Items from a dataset
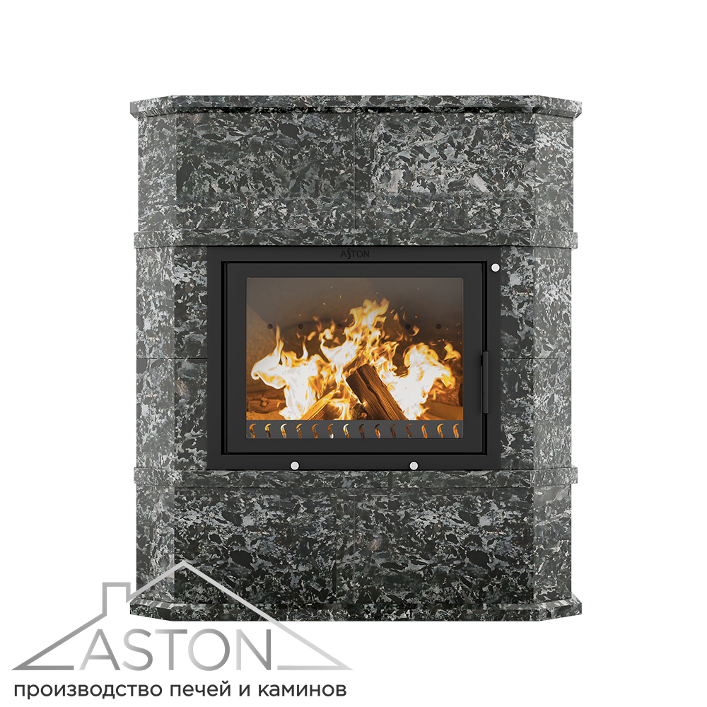 Камины облицованы натуральным камнем(на выбор: Пироксенит/Талькохлорит/Амфиболит) толщиной 40мм, который обладает невероятными теплоаккумулирующими свойствами. По своей теплопроводности и теплоёмкости этот камень в два с половиной раза превосходит привычный кирпич. Натуральный камень очень эффективно нагревается и долго держит тепло, постепенно передавая его в помещение.
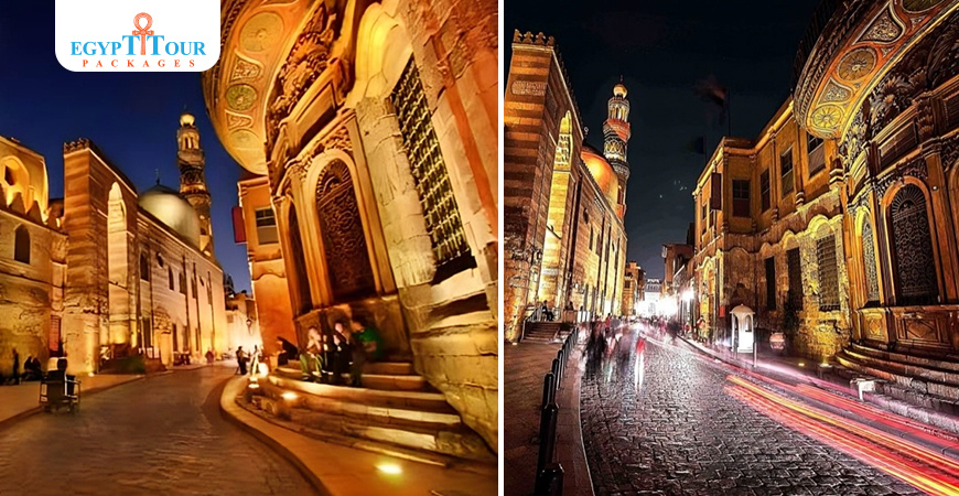 Al-Muizz is an ancient street in Cairo that connects the southern gate of Bab-Zuweil to the northern gates of Bab-en-Nasr and Bab-al-Futuh. It is located about 30 minutes away from Downtown Cairo and is renowned for its Islamic architectural wonders from the medieval era. As you walk along this street, you will come across numerous mosques, as well as the goldsmiths bazaar, markets for bowls, pots, and ornaments, and the coppersmiths' bazaar. The coppersmiths' bazaar, also known as Al-Nahaseen, is a section of the street that used to be a grand parade ground between the caliphal palaces. Interestingly, the first book in Naguib Mahfouz's Cairo Trilogy was titled after this street and translates to "Palace Walk".
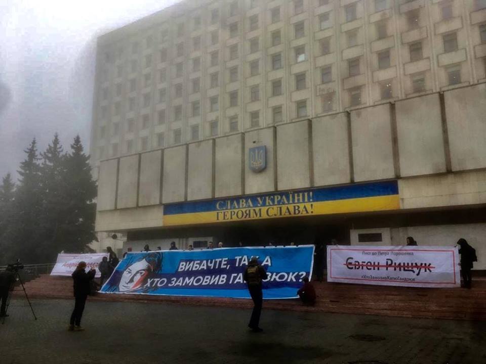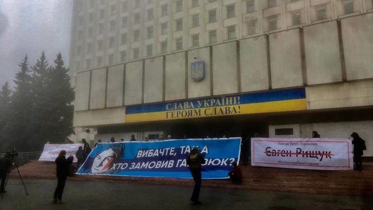 Перед зданием ЦИК активисты развернули огромный плакат с надписью: "Извините, так кто же заказал Гандзюк?"
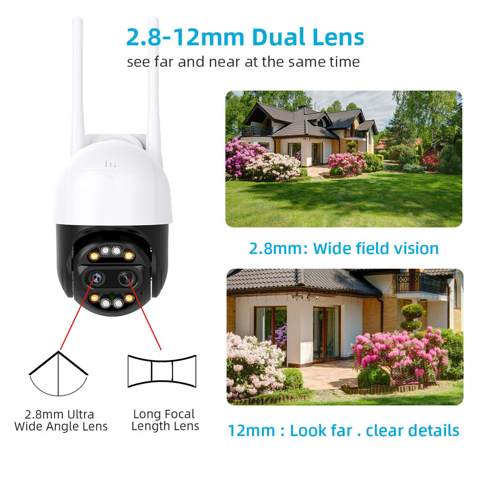 8MP 4K PTZ กล้อง IP 8x ซูมเลนส์คู่ตรวจจับมนุษย์กล้องวงจรปิดกล้องวงจรปิดกลางแจ้งอินเตอร์เน็ตไร้สายกล้องเฝ้าระวังวิดีโอไอซีซี อเล็กซา
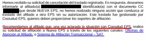 El 13 de mayo, Coosalud respondió oficialmente: reconocieron el traslado y lo justificaron usando el mismo correo falso. Dijeron que harían efectivo el traslado “como favor”, para el 1 de junio. Una burla.
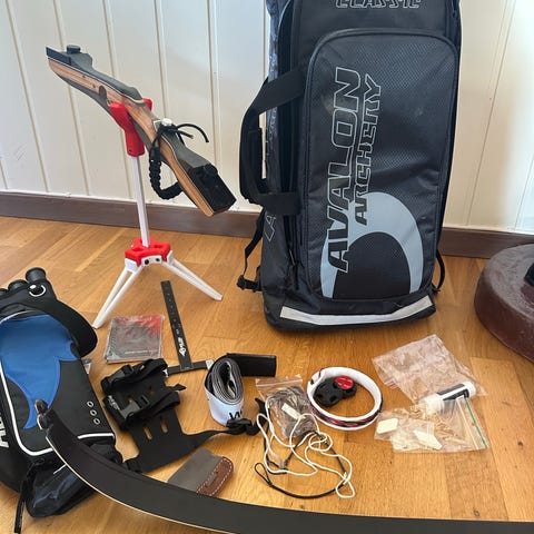 Buen, en Martin Archery Cheetah har sikker ikke blitt skutt mer enn 100 ganger totalt, men alt har som sagt stått lagret på bod i flere år. Buen kommer i en solid Plano koffert. Av tilbehør er det en del piler, blinker, solid skytematte, utstyr for å endre dra lengde på buen, underarms beskyttelse, pilkogger og et par småting jeg ikke helt kan huske hva er til.

Task statement — Leave out the pictures, and please output only the lines from the line that contains "El 13 de mayo, Coosalud" through the end of the data, both ends included.

Response area —
 El 13 de mayo, Coosalud respondió oficialmente: reconocieron el traslado y lo justificaron usando el mismo correo falso. Dijeron que harían efectivo el traslado “como favor”, para el 1 de junio. Una burla.
 Buen, en Martin Archery Cheetah har sikker ikke blitt skutt mer enn 100 ganger totalt, men alt har som sagt stått lagret på bod i flere år. Buen kommer i en solid Plano koffert. Av tilbehør er det en del piler, blinker, solid skytematte, utstyr for å endre dra lengde på buen, underarms beskyttelse, pilkogger og et par småting jeg ikke helt kan huske hva er til.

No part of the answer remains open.